Records from a data collection:
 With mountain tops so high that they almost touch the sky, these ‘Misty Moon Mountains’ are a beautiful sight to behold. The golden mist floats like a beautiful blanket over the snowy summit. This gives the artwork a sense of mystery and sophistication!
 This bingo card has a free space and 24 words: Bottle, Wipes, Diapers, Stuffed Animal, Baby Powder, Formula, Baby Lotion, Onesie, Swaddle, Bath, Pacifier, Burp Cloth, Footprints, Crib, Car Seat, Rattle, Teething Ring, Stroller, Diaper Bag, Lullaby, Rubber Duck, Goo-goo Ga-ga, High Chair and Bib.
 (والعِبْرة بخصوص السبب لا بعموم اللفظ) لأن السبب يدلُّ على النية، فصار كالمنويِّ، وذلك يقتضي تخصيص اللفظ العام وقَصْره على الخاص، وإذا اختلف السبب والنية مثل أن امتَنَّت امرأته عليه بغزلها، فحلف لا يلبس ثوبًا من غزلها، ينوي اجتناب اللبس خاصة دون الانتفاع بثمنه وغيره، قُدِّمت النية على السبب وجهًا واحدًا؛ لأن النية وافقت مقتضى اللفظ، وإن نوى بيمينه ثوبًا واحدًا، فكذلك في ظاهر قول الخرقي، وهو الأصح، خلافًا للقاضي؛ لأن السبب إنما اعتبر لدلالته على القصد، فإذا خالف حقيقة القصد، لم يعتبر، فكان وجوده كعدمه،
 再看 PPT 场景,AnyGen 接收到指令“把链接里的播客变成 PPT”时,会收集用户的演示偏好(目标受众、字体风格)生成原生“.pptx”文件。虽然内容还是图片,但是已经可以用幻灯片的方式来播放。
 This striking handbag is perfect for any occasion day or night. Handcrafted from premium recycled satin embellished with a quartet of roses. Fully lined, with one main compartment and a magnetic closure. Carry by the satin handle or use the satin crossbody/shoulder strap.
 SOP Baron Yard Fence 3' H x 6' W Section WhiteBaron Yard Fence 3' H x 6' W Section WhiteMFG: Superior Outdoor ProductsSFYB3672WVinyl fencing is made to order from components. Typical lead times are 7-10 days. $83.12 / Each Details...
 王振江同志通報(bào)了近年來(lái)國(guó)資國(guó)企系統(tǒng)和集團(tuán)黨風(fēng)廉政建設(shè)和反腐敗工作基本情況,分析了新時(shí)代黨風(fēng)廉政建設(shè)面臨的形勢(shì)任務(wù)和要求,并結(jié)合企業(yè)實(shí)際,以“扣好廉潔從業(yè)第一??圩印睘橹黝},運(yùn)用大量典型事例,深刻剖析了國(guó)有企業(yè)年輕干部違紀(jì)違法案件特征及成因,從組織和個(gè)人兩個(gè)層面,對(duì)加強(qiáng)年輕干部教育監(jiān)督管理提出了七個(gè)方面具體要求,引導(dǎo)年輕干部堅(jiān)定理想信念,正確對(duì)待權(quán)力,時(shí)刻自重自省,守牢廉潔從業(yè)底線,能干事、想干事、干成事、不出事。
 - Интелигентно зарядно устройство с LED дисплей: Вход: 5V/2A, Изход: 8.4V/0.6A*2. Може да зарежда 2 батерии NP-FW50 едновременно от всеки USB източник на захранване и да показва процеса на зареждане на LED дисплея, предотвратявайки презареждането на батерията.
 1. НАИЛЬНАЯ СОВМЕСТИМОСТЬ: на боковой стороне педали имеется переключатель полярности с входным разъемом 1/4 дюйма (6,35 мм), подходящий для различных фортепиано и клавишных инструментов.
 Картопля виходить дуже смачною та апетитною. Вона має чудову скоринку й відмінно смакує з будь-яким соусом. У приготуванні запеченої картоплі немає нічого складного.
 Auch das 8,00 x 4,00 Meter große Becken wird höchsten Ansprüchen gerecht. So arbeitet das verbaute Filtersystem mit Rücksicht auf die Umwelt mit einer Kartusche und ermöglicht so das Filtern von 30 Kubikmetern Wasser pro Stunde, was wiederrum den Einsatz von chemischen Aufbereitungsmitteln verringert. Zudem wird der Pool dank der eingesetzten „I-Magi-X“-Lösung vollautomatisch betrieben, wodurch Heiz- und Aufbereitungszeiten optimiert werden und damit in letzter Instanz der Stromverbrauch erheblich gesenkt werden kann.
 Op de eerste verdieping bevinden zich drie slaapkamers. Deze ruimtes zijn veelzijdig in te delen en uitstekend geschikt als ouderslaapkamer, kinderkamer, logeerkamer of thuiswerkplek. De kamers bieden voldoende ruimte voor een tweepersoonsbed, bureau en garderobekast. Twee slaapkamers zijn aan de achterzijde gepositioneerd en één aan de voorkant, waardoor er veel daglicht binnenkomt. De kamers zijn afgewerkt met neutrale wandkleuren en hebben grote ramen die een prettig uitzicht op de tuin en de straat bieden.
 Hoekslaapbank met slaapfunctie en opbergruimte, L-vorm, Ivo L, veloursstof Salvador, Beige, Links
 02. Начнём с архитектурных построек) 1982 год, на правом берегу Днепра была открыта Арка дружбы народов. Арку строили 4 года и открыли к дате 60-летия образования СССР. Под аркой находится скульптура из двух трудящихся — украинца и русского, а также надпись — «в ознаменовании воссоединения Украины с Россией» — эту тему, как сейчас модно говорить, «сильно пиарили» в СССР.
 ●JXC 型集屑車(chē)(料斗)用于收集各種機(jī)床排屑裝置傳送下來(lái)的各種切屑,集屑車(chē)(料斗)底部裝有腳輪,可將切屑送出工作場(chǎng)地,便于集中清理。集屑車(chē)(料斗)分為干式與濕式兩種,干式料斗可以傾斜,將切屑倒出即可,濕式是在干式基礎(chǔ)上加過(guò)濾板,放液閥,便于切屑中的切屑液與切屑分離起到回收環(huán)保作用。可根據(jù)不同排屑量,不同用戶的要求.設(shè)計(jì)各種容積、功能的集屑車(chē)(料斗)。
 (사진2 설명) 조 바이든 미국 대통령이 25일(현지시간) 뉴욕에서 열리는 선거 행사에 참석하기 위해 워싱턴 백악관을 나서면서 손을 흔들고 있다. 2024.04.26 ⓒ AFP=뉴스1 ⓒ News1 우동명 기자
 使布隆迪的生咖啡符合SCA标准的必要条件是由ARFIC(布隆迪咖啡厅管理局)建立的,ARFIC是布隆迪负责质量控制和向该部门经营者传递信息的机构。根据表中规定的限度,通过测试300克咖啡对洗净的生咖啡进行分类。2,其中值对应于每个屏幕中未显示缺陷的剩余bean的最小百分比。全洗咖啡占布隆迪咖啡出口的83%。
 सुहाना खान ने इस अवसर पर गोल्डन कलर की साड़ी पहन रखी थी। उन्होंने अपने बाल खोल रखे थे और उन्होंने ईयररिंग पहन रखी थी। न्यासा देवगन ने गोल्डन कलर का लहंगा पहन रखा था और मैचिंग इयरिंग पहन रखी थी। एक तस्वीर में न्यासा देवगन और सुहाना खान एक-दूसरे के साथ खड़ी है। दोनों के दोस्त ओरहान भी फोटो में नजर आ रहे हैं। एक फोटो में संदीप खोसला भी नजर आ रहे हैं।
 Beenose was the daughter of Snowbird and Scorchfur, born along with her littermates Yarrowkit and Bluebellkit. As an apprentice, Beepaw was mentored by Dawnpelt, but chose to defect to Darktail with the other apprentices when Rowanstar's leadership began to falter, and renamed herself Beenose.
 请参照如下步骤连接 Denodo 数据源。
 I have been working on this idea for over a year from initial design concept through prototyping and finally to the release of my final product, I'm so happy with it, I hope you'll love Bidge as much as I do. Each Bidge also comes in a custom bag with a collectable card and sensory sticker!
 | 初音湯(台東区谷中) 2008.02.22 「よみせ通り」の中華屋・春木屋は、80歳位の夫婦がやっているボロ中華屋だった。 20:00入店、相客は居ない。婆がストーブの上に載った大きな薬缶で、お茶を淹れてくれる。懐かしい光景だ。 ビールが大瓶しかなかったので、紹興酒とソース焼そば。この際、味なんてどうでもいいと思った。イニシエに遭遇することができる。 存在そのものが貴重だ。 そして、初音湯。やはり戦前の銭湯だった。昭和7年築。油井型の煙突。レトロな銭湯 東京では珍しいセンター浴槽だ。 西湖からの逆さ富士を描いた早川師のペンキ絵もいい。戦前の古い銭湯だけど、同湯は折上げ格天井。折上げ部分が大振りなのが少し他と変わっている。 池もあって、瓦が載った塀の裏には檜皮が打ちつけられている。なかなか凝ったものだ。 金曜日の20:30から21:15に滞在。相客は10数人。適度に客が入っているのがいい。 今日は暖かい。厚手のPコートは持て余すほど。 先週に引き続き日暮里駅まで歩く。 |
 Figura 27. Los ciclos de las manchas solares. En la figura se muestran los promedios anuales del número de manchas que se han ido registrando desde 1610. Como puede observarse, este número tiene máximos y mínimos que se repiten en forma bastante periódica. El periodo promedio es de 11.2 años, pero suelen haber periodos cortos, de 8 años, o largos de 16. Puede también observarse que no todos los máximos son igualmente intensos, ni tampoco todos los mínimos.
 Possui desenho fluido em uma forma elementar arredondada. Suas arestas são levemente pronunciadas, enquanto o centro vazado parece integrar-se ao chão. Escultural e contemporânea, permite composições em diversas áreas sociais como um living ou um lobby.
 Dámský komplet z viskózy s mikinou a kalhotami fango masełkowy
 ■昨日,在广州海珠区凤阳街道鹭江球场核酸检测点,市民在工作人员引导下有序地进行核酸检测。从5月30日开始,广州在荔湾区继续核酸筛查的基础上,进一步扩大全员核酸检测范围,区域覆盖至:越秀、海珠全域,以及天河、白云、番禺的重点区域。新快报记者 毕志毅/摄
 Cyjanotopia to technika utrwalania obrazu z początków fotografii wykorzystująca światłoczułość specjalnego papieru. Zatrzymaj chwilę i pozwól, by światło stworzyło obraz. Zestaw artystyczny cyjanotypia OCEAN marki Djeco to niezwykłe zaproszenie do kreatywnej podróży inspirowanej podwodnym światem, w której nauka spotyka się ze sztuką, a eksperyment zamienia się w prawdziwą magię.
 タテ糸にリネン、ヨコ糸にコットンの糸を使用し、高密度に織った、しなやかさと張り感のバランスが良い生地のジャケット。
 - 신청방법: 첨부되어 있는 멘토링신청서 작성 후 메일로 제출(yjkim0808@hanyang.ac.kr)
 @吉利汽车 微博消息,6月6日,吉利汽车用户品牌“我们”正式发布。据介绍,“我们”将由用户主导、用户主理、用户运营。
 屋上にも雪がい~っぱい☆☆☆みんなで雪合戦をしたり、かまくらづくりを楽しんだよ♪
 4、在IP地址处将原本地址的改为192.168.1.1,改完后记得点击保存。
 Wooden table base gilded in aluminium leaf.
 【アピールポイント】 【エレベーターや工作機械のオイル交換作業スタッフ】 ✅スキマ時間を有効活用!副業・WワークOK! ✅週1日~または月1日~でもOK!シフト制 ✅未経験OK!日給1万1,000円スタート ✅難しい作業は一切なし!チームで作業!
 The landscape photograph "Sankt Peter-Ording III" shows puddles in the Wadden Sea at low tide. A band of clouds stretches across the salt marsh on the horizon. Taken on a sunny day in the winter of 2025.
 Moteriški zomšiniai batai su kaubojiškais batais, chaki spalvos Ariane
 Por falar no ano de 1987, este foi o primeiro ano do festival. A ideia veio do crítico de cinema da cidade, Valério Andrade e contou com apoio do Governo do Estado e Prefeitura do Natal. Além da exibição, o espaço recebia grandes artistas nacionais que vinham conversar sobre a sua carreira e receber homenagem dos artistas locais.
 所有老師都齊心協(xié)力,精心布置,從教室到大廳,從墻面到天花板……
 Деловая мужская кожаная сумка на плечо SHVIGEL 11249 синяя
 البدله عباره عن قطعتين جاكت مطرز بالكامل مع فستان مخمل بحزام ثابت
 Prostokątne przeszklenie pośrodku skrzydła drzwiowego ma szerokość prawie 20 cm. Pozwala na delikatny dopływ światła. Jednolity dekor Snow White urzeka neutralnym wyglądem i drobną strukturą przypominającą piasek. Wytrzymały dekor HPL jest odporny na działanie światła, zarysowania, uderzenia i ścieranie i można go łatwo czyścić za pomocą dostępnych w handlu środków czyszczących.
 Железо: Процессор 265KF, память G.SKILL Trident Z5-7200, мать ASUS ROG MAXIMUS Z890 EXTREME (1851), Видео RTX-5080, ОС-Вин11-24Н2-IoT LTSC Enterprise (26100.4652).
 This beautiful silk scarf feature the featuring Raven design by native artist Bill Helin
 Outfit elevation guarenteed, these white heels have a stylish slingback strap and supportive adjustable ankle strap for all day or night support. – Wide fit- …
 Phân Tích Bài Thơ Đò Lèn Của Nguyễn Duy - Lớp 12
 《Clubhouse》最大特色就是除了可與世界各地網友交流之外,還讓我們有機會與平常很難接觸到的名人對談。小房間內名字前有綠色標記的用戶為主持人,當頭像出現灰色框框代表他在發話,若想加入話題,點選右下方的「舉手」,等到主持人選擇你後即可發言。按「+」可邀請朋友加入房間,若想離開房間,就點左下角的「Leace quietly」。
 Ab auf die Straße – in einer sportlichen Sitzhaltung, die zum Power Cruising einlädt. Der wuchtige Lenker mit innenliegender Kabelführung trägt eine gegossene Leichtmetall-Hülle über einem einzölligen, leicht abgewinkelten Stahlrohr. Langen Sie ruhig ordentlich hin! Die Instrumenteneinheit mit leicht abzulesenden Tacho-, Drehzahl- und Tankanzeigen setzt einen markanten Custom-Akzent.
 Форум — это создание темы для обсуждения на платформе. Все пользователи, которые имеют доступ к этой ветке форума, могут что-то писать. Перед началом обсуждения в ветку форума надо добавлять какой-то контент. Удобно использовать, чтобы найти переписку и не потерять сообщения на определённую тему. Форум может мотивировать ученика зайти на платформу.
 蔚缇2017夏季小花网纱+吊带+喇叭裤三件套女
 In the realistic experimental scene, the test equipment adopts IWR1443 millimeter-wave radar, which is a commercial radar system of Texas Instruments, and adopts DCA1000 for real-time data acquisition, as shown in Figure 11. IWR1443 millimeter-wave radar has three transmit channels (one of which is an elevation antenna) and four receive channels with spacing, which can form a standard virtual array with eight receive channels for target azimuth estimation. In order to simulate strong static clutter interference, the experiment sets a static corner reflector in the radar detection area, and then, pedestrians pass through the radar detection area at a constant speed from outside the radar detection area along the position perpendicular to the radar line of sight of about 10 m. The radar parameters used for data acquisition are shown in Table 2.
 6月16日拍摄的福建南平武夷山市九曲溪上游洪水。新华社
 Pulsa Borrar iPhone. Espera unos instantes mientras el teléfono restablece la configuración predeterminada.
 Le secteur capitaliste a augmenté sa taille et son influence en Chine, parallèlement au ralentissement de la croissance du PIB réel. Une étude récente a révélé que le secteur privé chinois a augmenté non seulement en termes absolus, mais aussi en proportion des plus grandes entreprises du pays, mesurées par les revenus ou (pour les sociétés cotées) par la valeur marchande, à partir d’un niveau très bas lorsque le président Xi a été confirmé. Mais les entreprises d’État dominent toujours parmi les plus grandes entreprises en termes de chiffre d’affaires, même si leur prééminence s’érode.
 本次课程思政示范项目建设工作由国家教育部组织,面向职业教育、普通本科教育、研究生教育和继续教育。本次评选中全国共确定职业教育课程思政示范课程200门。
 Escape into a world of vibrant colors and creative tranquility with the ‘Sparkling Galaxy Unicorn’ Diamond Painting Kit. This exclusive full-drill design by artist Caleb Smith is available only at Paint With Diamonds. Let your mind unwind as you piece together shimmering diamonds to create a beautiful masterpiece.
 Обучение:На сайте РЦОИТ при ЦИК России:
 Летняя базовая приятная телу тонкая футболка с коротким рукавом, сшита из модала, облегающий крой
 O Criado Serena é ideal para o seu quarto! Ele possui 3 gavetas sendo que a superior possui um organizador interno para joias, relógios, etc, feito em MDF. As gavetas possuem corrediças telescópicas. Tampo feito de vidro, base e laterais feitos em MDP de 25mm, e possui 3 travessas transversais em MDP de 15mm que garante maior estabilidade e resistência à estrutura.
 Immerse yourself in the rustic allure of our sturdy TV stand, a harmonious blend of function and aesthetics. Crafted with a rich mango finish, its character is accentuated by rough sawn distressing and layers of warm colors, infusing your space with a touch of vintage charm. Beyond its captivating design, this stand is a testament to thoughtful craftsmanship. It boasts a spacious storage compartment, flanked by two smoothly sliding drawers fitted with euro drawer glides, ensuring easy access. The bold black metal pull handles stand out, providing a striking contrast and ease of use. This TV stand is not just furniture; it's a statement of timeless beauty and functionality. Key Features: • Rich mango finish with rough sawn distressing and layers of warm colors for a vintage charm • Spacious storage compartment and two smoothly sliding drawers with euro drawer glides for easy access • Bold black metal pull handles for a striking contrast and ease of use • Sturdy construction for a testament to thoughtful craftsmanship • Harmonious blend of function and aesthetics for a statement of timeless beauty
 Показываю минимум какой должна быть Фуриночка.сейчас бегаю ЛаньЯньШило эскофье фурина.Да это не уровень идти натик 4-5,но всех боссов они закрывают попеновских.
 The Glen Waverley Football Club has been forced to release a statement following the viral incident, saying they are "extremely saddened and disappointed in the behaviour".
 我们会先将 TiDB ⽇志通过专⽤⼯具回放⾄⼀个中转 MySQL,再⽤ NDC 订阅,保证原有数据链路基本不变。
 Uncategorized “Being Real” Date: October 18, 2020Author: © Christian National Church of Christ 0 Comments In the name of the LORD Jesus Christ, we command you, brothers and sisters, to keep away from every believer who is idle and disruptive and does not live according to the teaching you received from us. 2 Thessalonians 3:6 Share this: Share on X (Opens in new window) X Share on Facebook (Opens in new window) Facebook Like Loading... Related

### [TASK ITEM]
Check each line of the data for "einer". Copy the lines where it turns up.

### [TASK SOLUTION]
 Auch das 8,00 x 4,00 Meter große Becken wird höchsten Ansprüchen gerecht. So arbeitet das verbaute Filtersystem mit Rücksicht auf die Umwelt mit einer Kartusche und ermöglicht so das Filtern von 30 Kubikmetern Wasser pro Stunde, was wiederrum den Einsatz von chemischen Aufbereitungsmitteln verringert. Zudem wird der Pool dank der eingesetzten „I-Magi-X“-Lösung vollautomatisch betrieben, wodurch Heiz- und Aufbereitungszeiten optimiert werden und damit in letzter Instanz der Stromverbrauch erheblich gesenkt werden kann.
 Ab auf die Straße – in einer sportlichen Sitzhaltung, die zum Power Cruising einlädt. Der wuchtige Lenker mit innenliegender Kabelführung trägt eine gegossene Leichtmetall-Hülle über einem einzölligen, leicht abgewinkelten Stahlrohr. Langen Sie ruhig ordentlich hin! Die Instrumenteneinheit mit leicht abzulesenden Tacho-, Drehzahl- und Tankanzeigen setzt einen markanten Custom-Akzent.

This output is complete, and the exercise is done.